4
$\begingroup$

Let $R$ be a commutative ring. Let $M$ be an $R$-module with the following property:

For every commutative $R$-algebra $A$ and every $R$-module $N$ the canonical map $\mathrm{Hom}_R(M,N) \otimes_R A \to \mathrm{Hom}_R(M,N \otimes_R A)$ is an isomorphism.

Does this imply that $M$ is finitely generated projective? If not, what happens when we even assume the following property?

For every homomorphism of commutative $R$-algebras $A \to B$ and every $A$-module $N$ the canonical map $\mathrm{Hom}_R(M,N) \otimes_A B \to \mathrm{Hom}_R(M,N \otimes_A B)$ is an isomorphism.

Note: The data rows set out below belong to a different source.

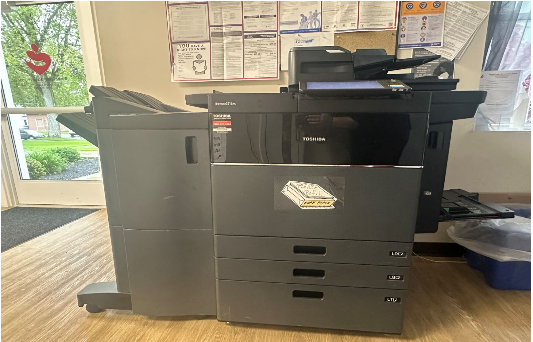
Main Office Copier: 51 Broad St, Lyons NY 14489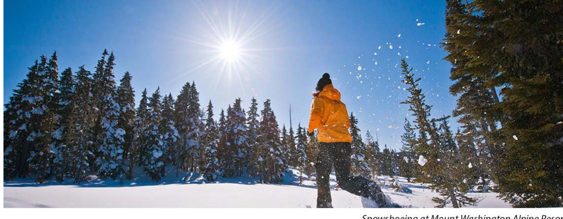
Snowshoeing at Mount Washington Alpine Resort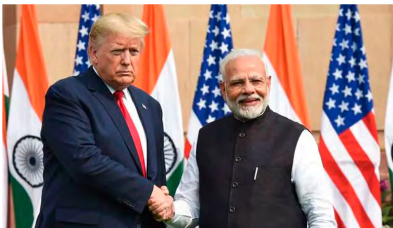
New Delhi, Apr 17: US President Donald Trump on Thursday described Prime Minister Narendra

Modi as a "friend" and said he had a "very good talk" with the Indian leader amid ongoing diplomatic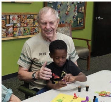
Lucy Anne’s Place member and Wirtzie’s preschooler enjoy an intergenerational activity.

If this is too hard in general, what about explicit examples for $R$?

  • 0
    In your 1st question, the fact that $A$ is an algebra does not seem to play any role.2012-12-24

1 Answers 1

4

If the canonical map is an iso for all modules $A$, then taking $N=R$ and $A=M$, we get an iso $\hom_R(M,R)\otimes_RM\to\hom_R(M,M)$. The preimage of $1_M$ gives a finite dual basis for $M$.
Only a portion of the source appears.